CHARLESTON - Despite promises and a federal investigation, state Attorney General Darrell McGraw on Wednesday handed out even more of the settlement funds gained in a 2004 agreement with Purdue Pharma.
McGraw gave $75,000 to the Kanawha Valley Fellowship Home, which will use the money for its drug treatment and education program. He says the program will affect 20 counties.
In February, Chief Deputy Attorney General Fran Hughes promised the Legislature that McGraw's office would stop appropriating the settlement funds on its own, and the federal agency that governs Medicaid recently sent a letter to the state's Bureau for Medical Services seeking information on why it has not been paid its share of the settlement.
"Kanawha Valley Fellowship Home is a public refuge for citizens that need guidance and support to stand on their own two feet. This program is a civil service and reinforces the stability of the community. It provides a long term solution to the rippling effects of alcohol and drug abuse," McGraw said.
KVFH is a transitional home for male recovering alcoholics and drug abusers and woks in conjunction with Prestera Center, the state's Department of Corrections and Highland Hospital with the goal of enabling its residents to return to society sober.
While McGraw's cause may appear noble, some have been questioning his methods.
His settlement with Purdue Pharma provided $10 million over four years.
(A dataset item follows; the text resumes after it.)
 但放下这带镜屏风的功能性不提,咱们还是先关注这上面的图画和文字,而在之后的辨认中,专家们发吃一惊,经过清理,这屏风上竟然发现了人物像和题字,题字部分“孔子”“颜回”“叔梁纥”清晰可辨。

Part of his argument in his lawsuit against the company was that the drug's addiction capabilities put a strain on the state's partially federally funded Medicaid program by creating addicts that needed care.
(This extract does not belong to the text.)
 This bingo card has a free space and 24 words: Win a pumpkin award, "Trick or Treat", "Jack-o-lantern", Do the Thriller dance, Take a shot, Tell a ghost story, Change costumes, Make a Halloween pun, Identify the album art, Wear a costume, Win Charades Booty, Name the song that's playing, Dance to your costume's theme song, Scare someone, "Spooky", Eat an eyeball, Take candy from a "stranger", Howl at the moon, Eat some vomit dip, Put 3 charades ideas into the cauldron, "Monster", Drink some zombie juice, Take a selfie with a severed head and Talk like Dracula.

The federal government is responsible for 73 cents of every dollar the state spends on Medicaid, and Hughes claims the settlement was drawn up to avoid any legal stake the federal government could claim to its share of the money.
Meanhile, McGraw distributed the proceeds to organizations of his choice instead of letting the Legislature appropriate the money. Controversy kicked in when he gave the University of Charleston $500,000 for a pharmacy school.
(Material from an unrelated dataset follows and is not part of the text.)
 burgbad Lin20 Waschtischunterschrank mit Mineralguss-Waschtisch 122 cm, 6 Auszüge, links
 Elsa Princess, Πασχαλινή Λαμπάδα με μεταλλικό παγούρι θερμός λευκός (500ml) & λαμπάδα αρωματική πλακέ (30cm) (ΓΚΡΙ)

At a February hearing where the Legislature showed its concern, Hughes said that if the money had been turned over to the state's Department of Health and Human Resources (the agency McGraw claimed was harmed by Purdue Pharma), then the federal government would have been able to retain the portion it contributed through Medicaid -- 73 cents of every dollar.
"We have arranged a methodology that has prevented the federal government from coming back and seizing money," Hughes said.
That statement didn't thrill the federal Centers for Medicaid and Medicare Services, which recently sent a letter to BMS Commissioner Leonard Kelley.
"The State of West Virginia's methodology in arranging its settlement does not change the nature of the settlement nor the (DHHR) Secretary's obligation to account for overpayments," the letter says.
"Please advise CMS of any reason you may offer for which it should not issue a disallowance against the Medicaid program of the State of West Virginia in the amount of the settlement."
So far, there has been no answer. DHHR spokesman John Law did not return messages seeking comment.
"We haven't heard anything yet," CMS spokesperson Mary Kahn said Wednesday.
Since charges were made against Purdue Pharma other than the Medicaid fraud charge, Hughes -- formerly general counsel for Human Services Management, a national consulting firm specializing in Medicaid financing -- recently told the Charleston Daily Mail that the money is West Virginia's.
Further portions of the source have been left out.